Quando acordei, estava escuro e a caneta tinteiro marcava um risco borrado no papel. A janela aberta da cozinha só revelava que a rua principal estava sem iluminação, já que as chuvas atrapalharam a manutenção das lamparinas. Era difícil acender o óleo com tochas naquele tempo, mas nada impedia de os moradores carregarem os próprios lampiões.

Saí pelo chão de paralelepípedos enlameados no meu pequeno círculo de iluminação, seguindo oposto ao riacho bem diante das minhas lentes. As águas estreitas e ruidosas me fizeram pensar na tal lenda. Quem bebe das águas do riacho deixa a alma aberta ao diabo. Pensei por um momento em voltar e beber goles grandes, como se saciasse uma sede tamanha. Ignorei. Segui para o teatro sem nome da cidade.

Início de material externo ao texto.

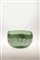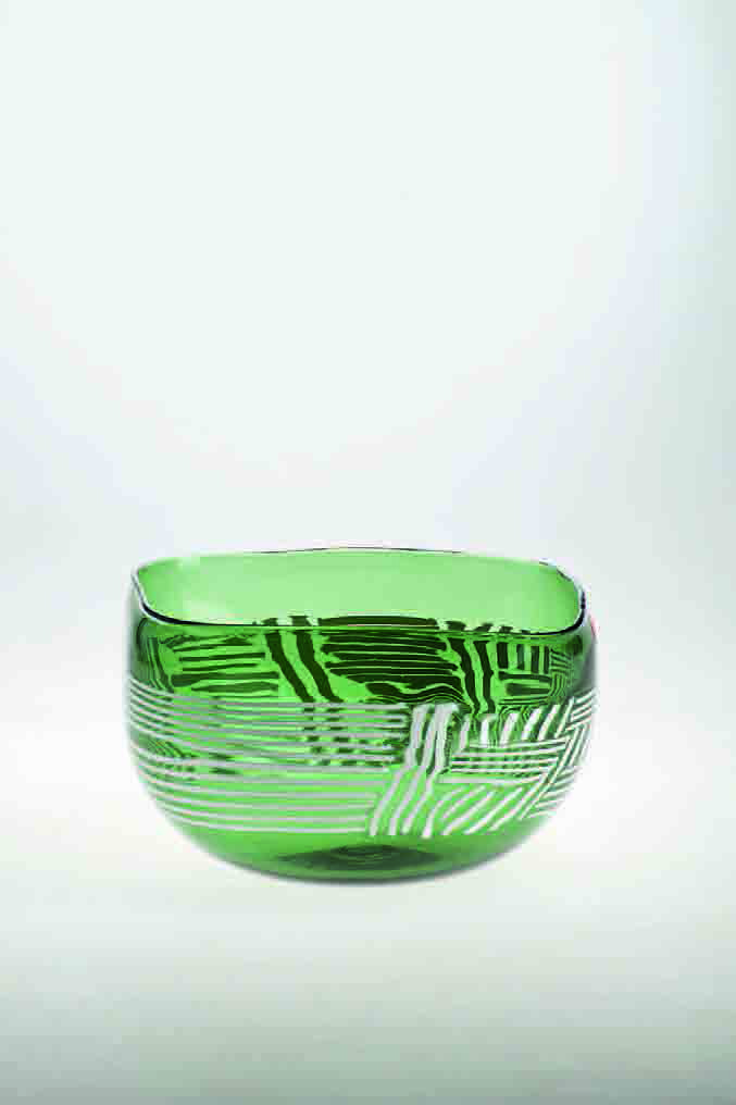Benjamin Moore Coppa in vetro verde con fascia centrale decorata da sottili canne in lattimo verticali e orizzontali, 1978 circa, cm 12,5x20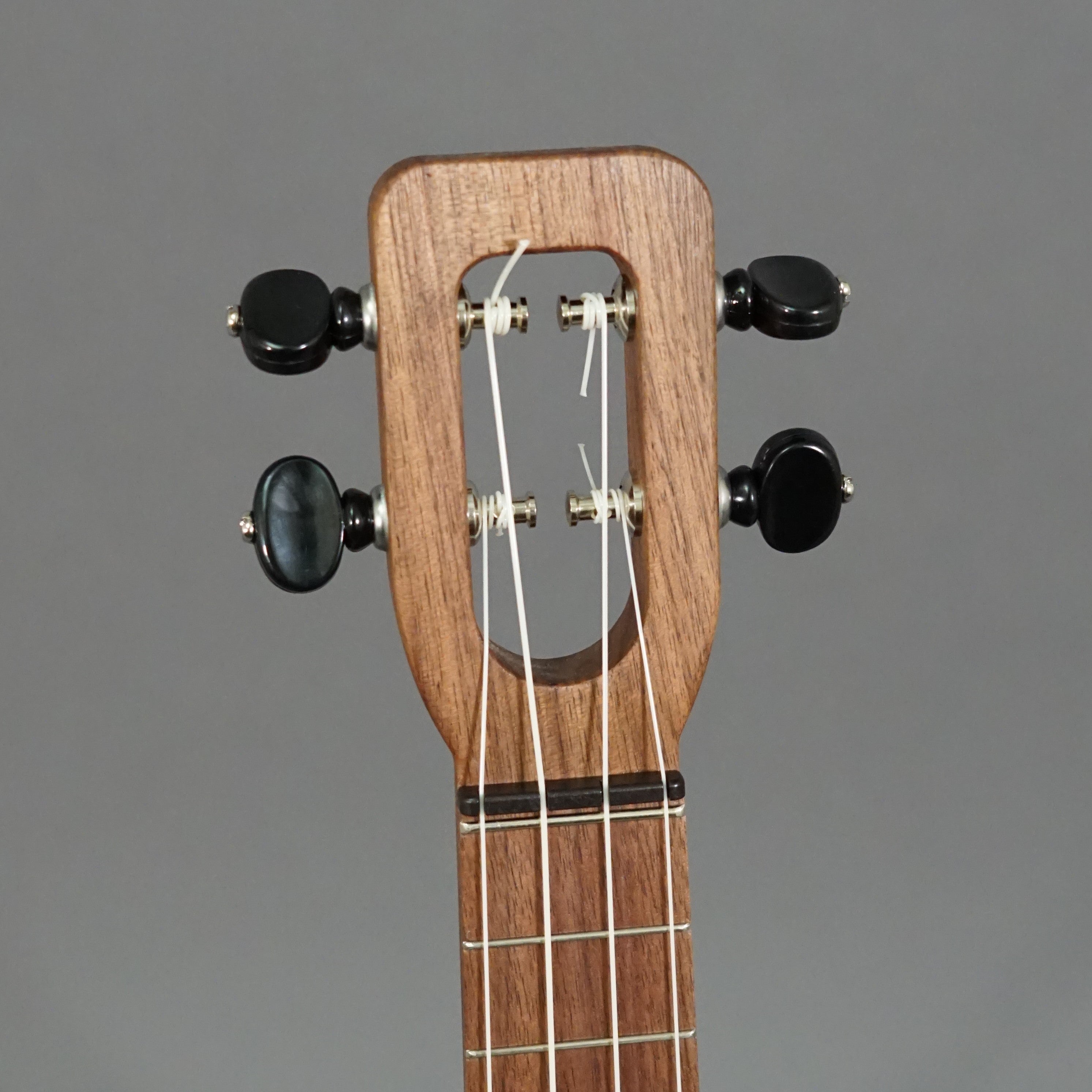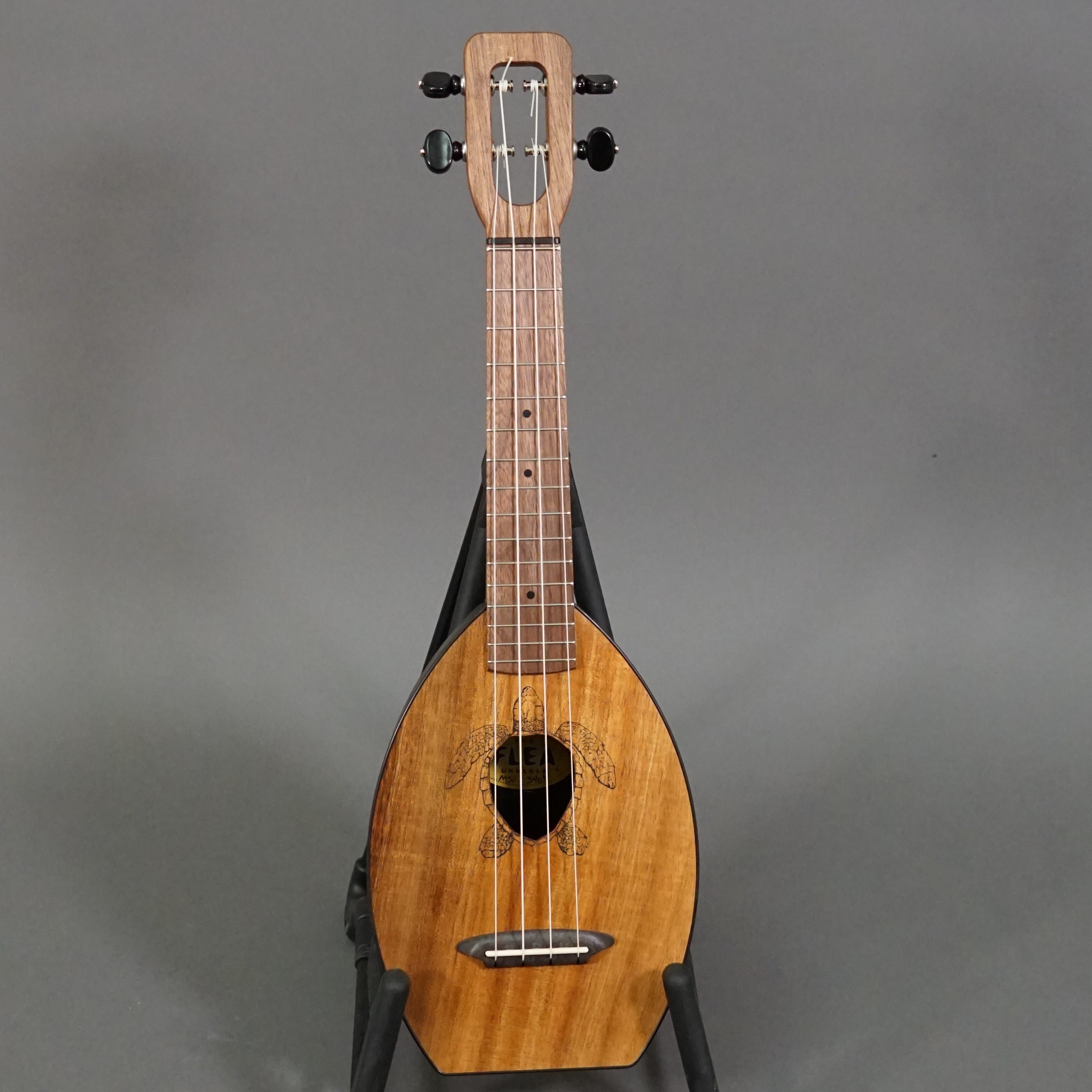 Soprano, solid koa top, molded thermoplastic back and sides, wooden fingerboard with metal frets, laser-etched turtle rosette, includes gig bag.

Um outro foco laranja revelou uma jovem negra de fartos cabelos crespos, ensaiando um trecho de Le nozze di fígaro como um aquecimento vocal. Estreitei os olhos, mesmo de óculos, para identificar se era Helena ou Madalena, a gêmea dela. Ambas estavam no ato principal de um musical que produzia.

— O nórdico já passou a parte do balé — contou ela, referindo-se à Frederico. Reconheci Helena, já que usava um cordão de quartzo transparente. A irmã carregava uma pedra rosa. — Quatro turistas chegaram não muito tempo e mandei-os para os assentos centrais. Disseram que você os convidou. É verdade?

Ri em nervosismo e troquei o lampião de mão para ajeitar os óculos sem muita necessidade. Eles chegaram antes.

— Não necessariamente, mas pode-se dizer que tenho algo para eles — confirmei. — Quando entrar para arrumar as suas coisas, diga que liberei todos mais cedo. Será uma sessão privada.